Inscribing convex polygon within simple polyon Suppose you are given a simple (but not necessarily convex) polygon $C$ and a point $p$ inside this polygon. I have a particular way of inscribing a convex polygon $I$ within $P$, and I would like to know (a) if this is a known concept from geometry and (b) if there exists an efficient algorithm for computing $I$.
The idea is the following:


*

*For each edge of $C$, find the closest point to $p$ on that edge.

*If the closest point is not an endpoint or is an endpoint that is not a reflex angle, extend the edge into a line.

*If the closest point is an endpoint $v$ that is a reflex angle, draw a line that passes through $v$ and is orthogonal to the line segment from $p$ to $v$.

*For each line from (2) and (3), construct the half-plane containing $p$ bounded by that line.

*$I$ is the polygon created by the intersection of all half-planes from (4).


$I$ will be convex because it is the intersection of half-planes.
For example, in the following figure, the solid black boundary forms $C$, the blue lines are the ones constructed in step (1) orthogonal to the corresponding dotted lines, and the gray region is $I$.
Below is the original construction, which @HSN pointed out was completely incorrect.
Suppose you are given a simple (but not necessarily convex) polygon $C$ and a point $p$ inside this polygon. I have a particular way of inscribing a convex polygon $I$ within $P$, and I would like to know (a) if this is a known concept from geometry and (b) if there exists an efficient algorithm for computing $I$.
The idea is the following:


*

*For each vertex $v$ of $C$ that forms a reflex interior angle (between 180 and 360 degrees), draw a line that passes through $v$ and is orthogonal to from $p$ to $v$.

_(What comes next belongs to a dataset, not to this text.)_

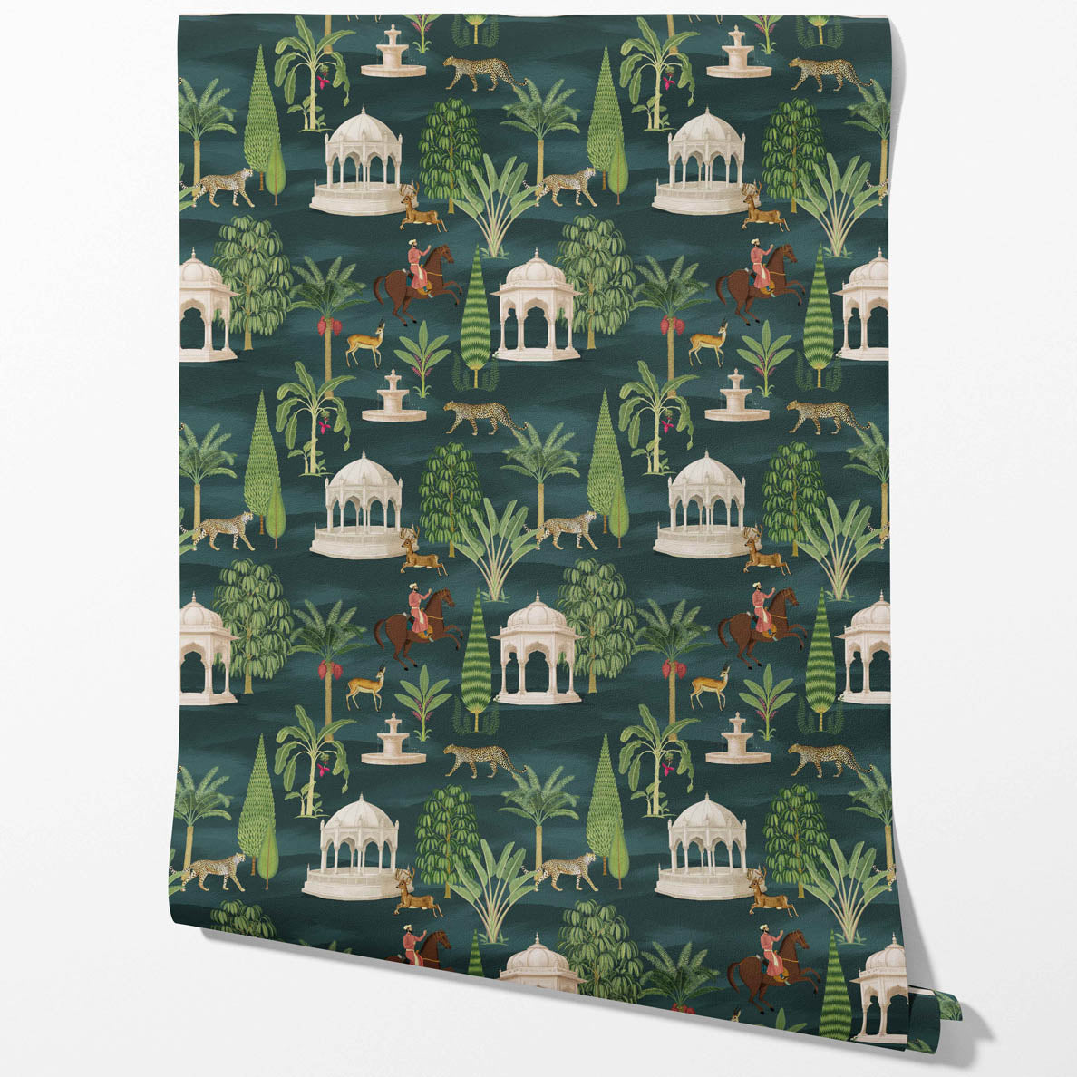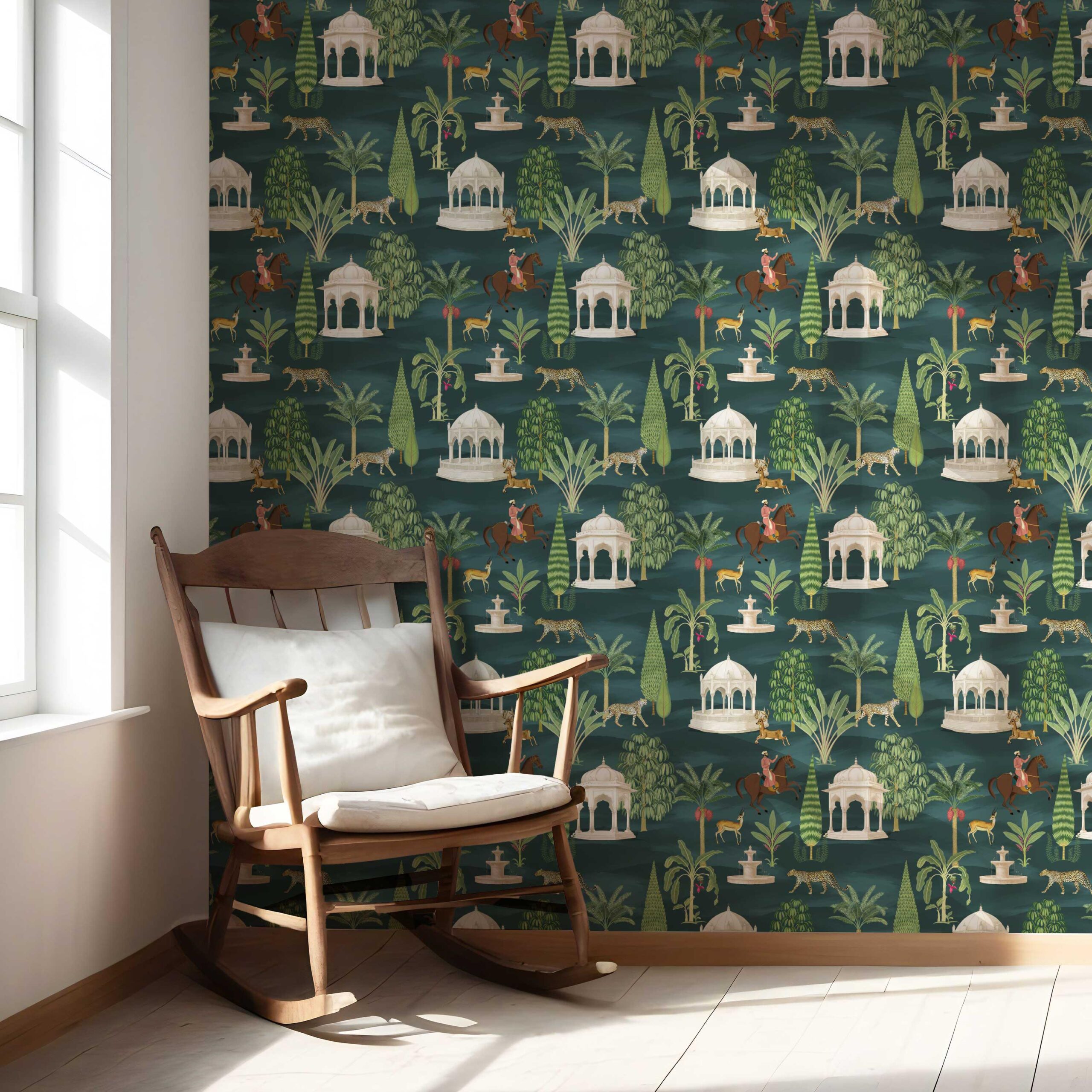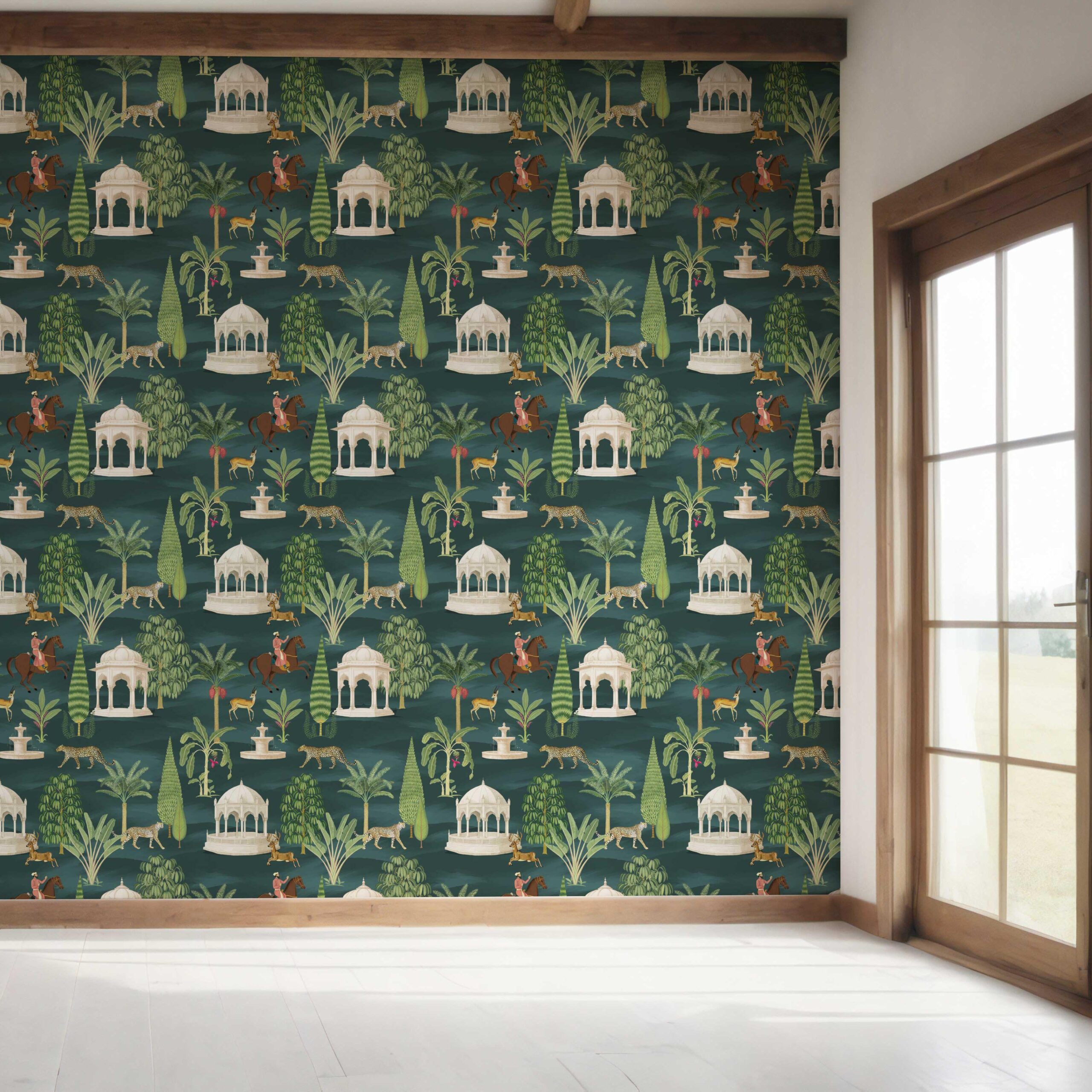 ‘Picturesque’ Vintage Heritage/ Ethnic Chinoiserie Wallpaper (Teal Green/ White/ Brown/ Red)

*For each line from (1), construct the half-plane containing $p$ bounded by that line.

*$I$ is the polygon created by the intersection of $C$ with all half-planes from (3).


For example, in the following figure, the solid black boundary forms $C$, the blue lines are the ones constructed in step (1) orthogonal to the corresponding dotted lines, and the gray region is $I$.

 A: I'm not convinced this construction actually works for any $p$ and $C$ and I don't think I've come across this particular construction before. Why am I doubtful?
To make things somewhat easier, let's give all vertices in your picture a name. The point at the left-hand bottom is $A$, at the right-hand bottom $B$ and continuing counterclockwise up to $H$. The two vertices having a reflex interior angle are $E$ and $F$. We will elongate the line segment $EF$ and let $S$ be the intersection of this line with $AH$.
Now, look what happens if we choose $p$ inside of the rectangle $SFGH$. The perpendicular to $pE$ through $E$ cuts off a triangle having $ED$ as a side (and a third point on $CD$). When also using the perpendicular to $pF$ through $F$, we also get a trapezoid shape having $EF$ as a side.
I'm not good at quickly making pictures that look alright and don't like using a link that may expire, but the following is a horrible illustration of what I mean. Maybe someone would like to improve it. As you can see, the result consists of two polygons joined at the vertex $E$ and is not convex.